• Description of the task
The answer should hold only the lines from the beginning of the listing below to the line containing "Ghafari | |||", both included, with every picture left out.

• Extracted material
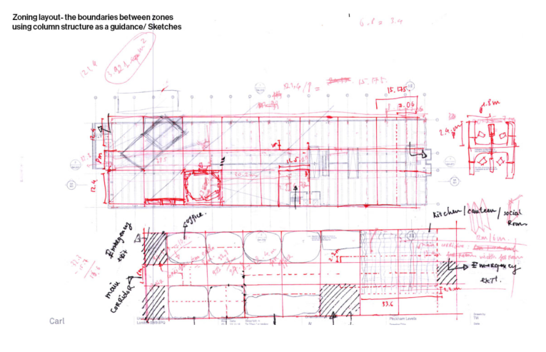 除了对 Bürolandschaft 设计理念的调研之外,Nguyen 的作品集中还添加了许多时间轴、设计迭代和过程中的sketch;
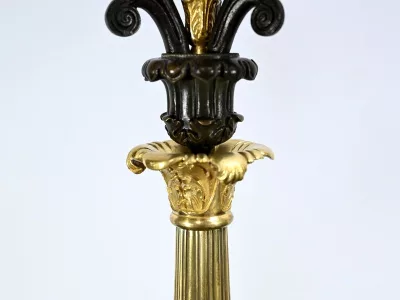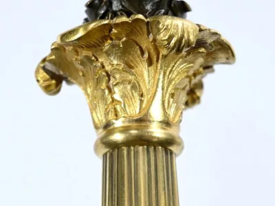 Le fut cannelé est agrémenté d’un chapiteau égyptien en partie haute, d’une base en balustre délicatement ouvragé à motif de feuille et d’une sphère striée en partie basse.
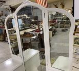 Antique Style White Painted Vanity, drop center, four drawers, tri mirror, with matching stool, 69"h., 46"w., 20"d. Antique Style White Painted Vanity, drop center, four drawers, tri mirror, with matching stool, 69"h., 46"w., 20"d.
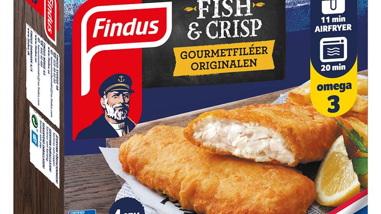 Populära Findus Fish & Crisp Gourmetfiléer är inspirerad av den brittiska klassikern fish’n chips och är en krispig, gyllene panerad fiskfilé av 100 procent hållbart fiskad Alaska pollock. Fish & Crisp är både smak- och näringsrik. Den är fullproppad med Omega 3 och passar perfekt att servera som en klassisk fish’n chips, i fisktacos eller med potatis, Findus Ebba ärtor och sås.
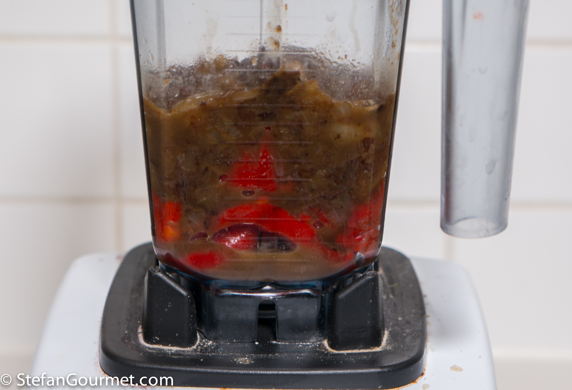 While the pasta cooks, put the now skinless bell peppers in the blender together with the onion sauce.
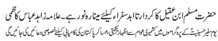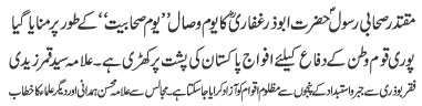 | ISLAMABAD, August 7: Youme Sahabeyat will be observed to mark the wafat of the pious companion of the Holy Prophet, Hazrat Abuzr Ghafari | |||
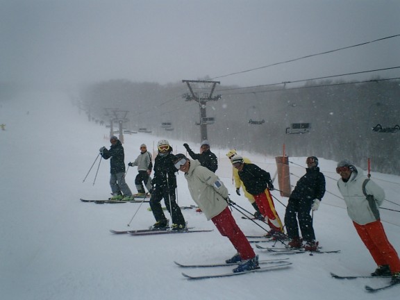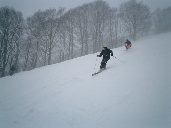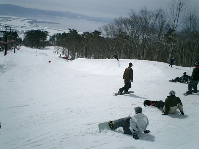 ![]() <今シーズンの目標> 2005.3.20(日) 猪苗代 晴れ 急遽引越しすることになりのんびりスキーになんていってられなくなった。 3/20 はスキー子供の日なので一家で、3/27 はミネロ最終日なので一人でじっくり と思ってたんだけど急遽引越しすることになりのんびりスキーになんていってられなくなった。 やっぱ最終日の3/27でしょ と思っていたけど、朝起きたら天気がいいので予定変更。 最近winter X GAME の見すぎで飛びたくてしょうがなかったので、赤埴に荷物置いて速攻中央 のパークへ。選択アイテムはハーフパイプ。気分はタナーホールでドロップINするも壁にビビリ リップ手前で飛んでしまう。 そんなことを3回くらい繰り返したが、ようやくビビリが無くなりリップから飛び出せるように。 着地もリップギリギリの所にビタ着できる様になり うほー 最高です。きもちいいです。 かなり飛び出してたと思われますがどうなんでしょうね。 時間が早くまだうまい人がいなかったので、一番飛べてたでしょう。(きっと) 着地もほぼ垂直の斜面に落ちるので衝撃ほとんど無し。 パイプってこんなに楽しかったのね。来シーズンからはまります。 パイプの下には小さいキッカーがあってミュートグラブの練習できるしずっとパークにいたかっ たけどやっぱ赤埴も滑りたいので戻った。 良いラインは3本くらい。そこそこ楽しめるけどパークがイイ... ということでカナさんと昼前にパークに舞い戻りひたすらパイプとミュートグラブの練習を繰り返 した。イヤー 楽しいね〜 もう抜けれないね〜 ハーフパイプ中毒だ。 午後からも赤埴滑ったけど、パイプのことで頭いっぱいの為あまり覚えてない。 みんなでヒューヒューいってたのは覚えてるけど... きっと上体はバラバラだったんだろう。バカ滑りしたから。 ラストも飛びたくて飛びたくて、コブの溝使ってツイとツイスプ飛んできた。 エア最高。 来シーズンからはフリースタイラー となる予定。(ホント?) 距離は短いけど楽しいよ! 今シーズンも皆さんアリガト! 2005.2.13(日) 猪苗代 晴 風生と2人でソリ遊びへ。 今日は赤埴なし! ゆっくり出発し高速で優雅に猪苗代へ。 トンネル抜けてスキー場見えたら、風生は「(スキー場)スッゴイおっきいね!」とすでに興奮気 味。第二駐車場からバスに乗るとバス好きな風生はさらに興奮。 レストランで場所取りしようとしたらエドぐゎーがいたので、「エロぐゎー」 と言わせようとしたが 恥ずかしいらしく言ってくれなった。 さあソリするぞと思ったら、先にキッズランドで遊びたいらしくしばらく滑り台等を満喫する。 やっとソリゲレンデについたが、雪が固まっててすごく登りにくい。ツルツル滑りながら一番上ま で来ると結構な斜度である。ビビリの風生は泣くんじゃないかと思ったが、「ごぉーごぉー」と滑 る気マンマン!1回滑ったらすぐに「もう一回」、次滑ったら「もっと」、次滑ったら「ムッチャ面白 いね!も一回」...延々と繰返される。父ちゃんは結構なトレーニングとなった。 途中アリババさんに会い、チョコをもらった風生。ソリが楽しすぎてもらったチョコを食べずに帰 りましたとさ。 赤埴は滑れなかったけど楽しい一日でした。 今度は抱っこでウエストかイースト滑ろかな。 昨日気温が高かったらしい。そして今日気温低め。 カリカリコブになってるのわかってたから、赤埴を1本様子見てパークに行こう と心に決めて たのにアズハタさんとカナさんと合流したため、そのまま滑りつづける。そのうちエドぐゎーも現 れたためもうパーク行く気無し。心が弱いこと... しかしエドぐゎーはハニの一番上の滑り出しでツイスターするし、ものすごいクイックいれて滑る し、刺激受けるわ〜。 赤埴は全面コブまでもう少し。カリカリじゃなければどのラインでも楽しめそう。 雪が降ってる上に、風が強くリフトはよく止まってた。寒かったわ。 抑えて滑るつもりだったけどたくさんのハニラーが現れたため、結構攻めてしまった。 でも腰が怖いからフルアタックじゃないです。今日の雪だとフルアタックしたら腰よりもヒザが逝 っちゃうかな。 1人で滑ってたら絶対午前中の早い時間で帰ってたな。 たくさんの人と滑れてよかったです。あんな硬いコブだったのにすんごく楽しかった〜! 今日は目標にはほど遠い滑りだったなぁ。 また後傾になってたはず。そんでもって上体が左ターンのとき傾いてた。足1本でコブ越えたの 数え切れないくらい... 硬いかな〜 と覗き込む ツイスターに包囲される アズハタ エドぐゎー デュアル たくさん集まりました コブ自体は良い形 ポールでもデュアル じっくり準備運動してから赤埴をまず偵察に行ったら、リフトのってる中毒者から赤埴経(ヒュー ヒュー)を唱えられたが、大人になった私はまだ滑りません。 なぜなら久しぶりにパークに行くのだ。赤埴1本目から攻めたら飛べないかも知れぬ! ということで赤埴を去り、第3に乗ろうとしたら、アルバイトをしながら係員をナンパ

• Exercise result
 除了对 Bürolandschaft 设计理念的调研之外,Nguyen 的作品集中还添加了许多时间轴、设计迭代和过程中的sketch;
 Le fut cannelé est agrémenté d’un chapiteau égyptien en partie haute, d’une base en balustre délicatement ouvragé à motif de feuille et d’une sphère striée en partie basse.
 Antique Style White Painted Vanity, drop center, four drawers, tri mirror, with matching stool, 69"h., 46"w., 20"d. Antique Style White Painted Vanity, drop center, four drawers, tri mirror, with matching stool, 69"h., 46"w., 20"d.
 Populära Findus Fish & Crisp Gourmetfiléer är inspirerad av den brittiska klassikern fish’n chips och är en krispig, gyllene panerad fiskfilé av 100 procent hållbart fiskad Alaska pollock. Fish & Crisp är både smak- och näringsrik. Den är fullproppad med Omega 3 och passar perfekt att servera som en klassisk fish’n chips, i fisktacos eller med potatis, Findus Ebba ärtor och sås.
 While the pasta cooks, put the now skinless bell peppers in the blender together with the onion sauce.
 | ISLAMABAD, August 7: Youme Sahabeyat will be observed to mark the wafat of the pious companion of the Holy Prophet, Hazrat Abuzr Ghafari | |||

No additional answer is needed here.